From the Indian point of view, recommencing the ceasefire will help it to curb infiltration and cross-border terrorism from the Pakistani side. Since India alleges Pakistan to induce cross-border terrorist activities in India, the ceasefire would become a halt for Pakistan in providing safe cover to such activities. Therefore, India could expect in the reduction of such infiltrations in the presence of the ceasefire agreement.
From Pakistan’s point of view, it can help the country to deploy less army to the eastern border and use it in the current ongoing Operation Radd-ul fassad against terrorists inWaziristan (the western region of the country). Even though a ceasefire doesn’t mean that Pakistan willfully vacate army from the LoC area, but it certainly will help the country to choose its battles wisely during the time when the Pakistani army is waging a crucial fight against terrorists on its soil. That is the reason that the Pakistan army has sought to revive the ceasefire with India and has declared that waging a war with India is not its agenda. A similar statement has been given by Pakistan Premier Khaqan Abbasi during the last year showing Pakistan’s aim to shift its focus more towards curtailing terrorism in the country rather than engaging in a war with India.

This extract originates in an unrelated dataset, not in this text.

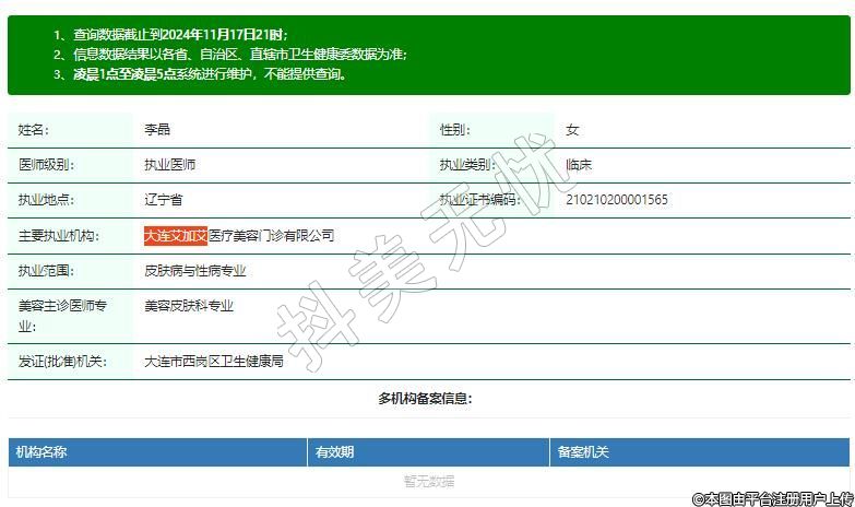 主要執(zhí)業(yè)機構(gòu):大連艾加艾醫(yī)療美容門診有限公司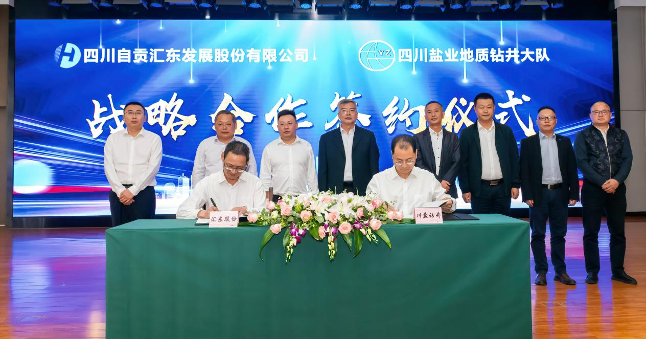 坚守使命初心,不忘责任担当。10月20日,四川自贡汇东发展股份有限公司(以下简称“汇东股份”)与四川盐业地质钻井大队(以下简称“川盐钻井”)签署战略合作协议,“优势互补,共同发展”,用实际行动深入践行党的二十大工作报告思想精髓。汇东股份党委书记、董事长沈才松,川盐钻井党委书记、大队长郑勇出席签约仪式并讲话。汇东股份总会计师吴希尧与川盐钻井副大队长范光洪代表双方签署协议。

Formalization of ceasefire agreement
In the absence of current political dialogue between India and Pakistan, the chances that this renewal of the agreement will last long are minimum. Both countries have agreed to go back and abide by the 2003 agreement many times, but the pledge fails to last long.Happymon Jacob, Indian academician and researcher in his research “Ceasefire Violations in Jammu and Kashmir: A Line of Fire” describes the reasons for such pattern as “the agreement is “not a written agreement.” There are “no rules, norms or principles governing the ceasefire agreement,” he said, observing that “a ceasefire agreement without the attendant dos and don’ts is not useful to the security forces on the ground.” He also states that “there is a positive correlation between ceasefire violations and escalation. They have the potential not only to spark a bilateral military, diplomatic, and political crisis but also escalate any ongoing crisis, especially in the aftermath of terror incidents.”
His solution to avoid future escalation because of LoC crossfires and to make this agreement work for a long time is, “A clear and detailed signed agreement that itemizes the attendant dos, don’ts, rules, guidelines, and principles would enable the two sides to better manage the border and significantly reduce the ad hoc nature of the current arrangements”. There are two other border agreements signed by the two countries: the 1949 Karachi Agreement and the 1960 Ground Rules Agreement. Jacob points out that although India maintains that the 1972 Shimla Agreement superseded the 1949 Karachi agreement, but Jacob states that India’s will in “adopting some of its salient features into a new agreement would send a strong signal of willingness to compromise and cooperate to Islamabad” and Pakistan should accept the border pillars in the Jammu-Sialkot sector as the temporary border until the final settlement of the J&K dispute.”
Conclusion
The vow to revive the ceasefire agreement by both sides is commendable, however, there is a dire need to formalize and strengthen the ceasefire agreement of 2003 if both countries aim for the agreement not to be violated again. Such an initiative will help to alleviate diplomatic tensions and will reduce the soldier and civilian casualties at the LoC.